Trigger warning: graphic depiction of sexual violence.

Due to the weight of the article, at the personal request of the author, and in order to protect her privacy, The Sundial Press has decided to publish this article anonymously. The anglophone editor in chief, the opinion editor and the illustrator vouch for its authenticity.

 

Nowadays, rape seems to be a complicated issue. Of course, pretty much everyone disapproves of sociopaths waiting in dark alleys for women to pass, lonely and irresistible. But, as studies have shown, rape often happens within a person’s social circle, by an acquaintance, a colleague, or even a family member. It can very well be a nice and cute guy. Many feminist writers have emphasized this fact, but I say it now it because I learned it at my own expense.

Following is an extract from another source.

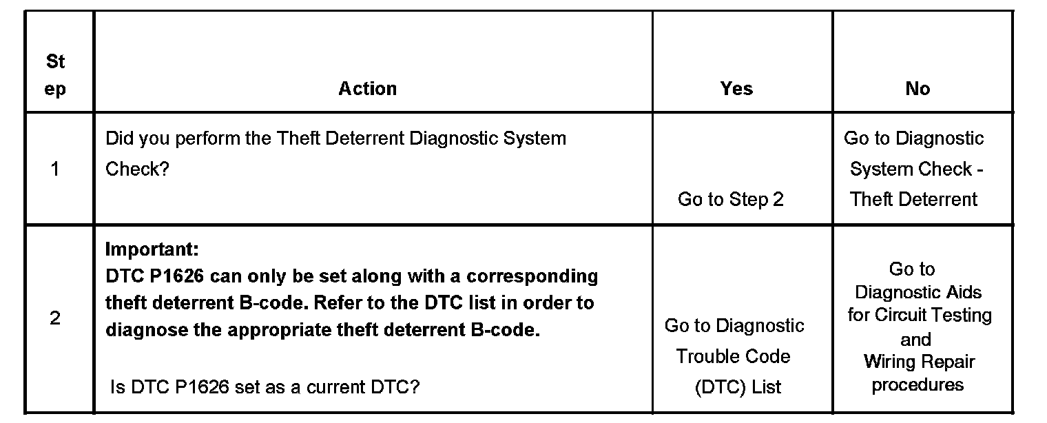 The body control module (BCM), produces the theft deterrent crank relay and fuel enable signal when ignition is ON and the proper ignition code voltage value is detected. The powertrain control module (PCM) monitors the fuel enable signal during crank. If the proper signal is present on the Class 2 Serial Data Circuit, the PCM enables the fuel delivery in order to allow the engine to start. If the PCM determines that the fuel enable signal is not present or incorrect while the engine is running, DTC P1626 is set. The engine continues to start and run as long as DTC P1626 is stored. If the problem affects inputs to the VTD signal, the starter motor may be disabled.

I do not think I was raped. I did not have unwanted sex. I was not hurt or traumatized – not to say these are required for it to count as rape – and the guy respected my decision and apologized in the end. But although there was no penetration, some of what happened that night felt a bit like rape. I am not trying to draw attention or pity. I am fine. But this experience gave me a lot to think about and I thought it could be important to share it because unlike being raped by some creepy stranger, I think the situation I found myself in is one that many people can encounter at some point in their life, especially during college years.

During the holidays, I went to see a friend and stayed at his shared apartment. One night, we went out with his flatmate and some of their friends and we had a lot to drink. I had sensed the flatmate sort of liked me and although we did not flirt openly, we had joked and teased each other all day. So, in one of the bars, we kissed and he asked me whether I wanted to go back to the apartment. I was quite drunk and tired, and I did want to make out with him so I said yes. As one might expect, we went to his room, took our shirts off and made out in his bed. Shortly after, he tried to go further, and although I said I did not want to, he started taking off all of his clothes. At that point the alcohol started losing effect, so I very clearly remember his comments of “Let it go, I know you want to” and “I’m only asking for two minutes”, as if having sex depended on how long it lasted.

He put his hand in my pants and I had trouble taking it away, given the fact that he was taller and stronger than me and was firmly (or “passionately” as he put it later) holding one of my hands over my head. I am quite strong-minded, and was recovering my senses, but I know there was a real possibility of me giving up my resistance, and accepting the unwanted sex.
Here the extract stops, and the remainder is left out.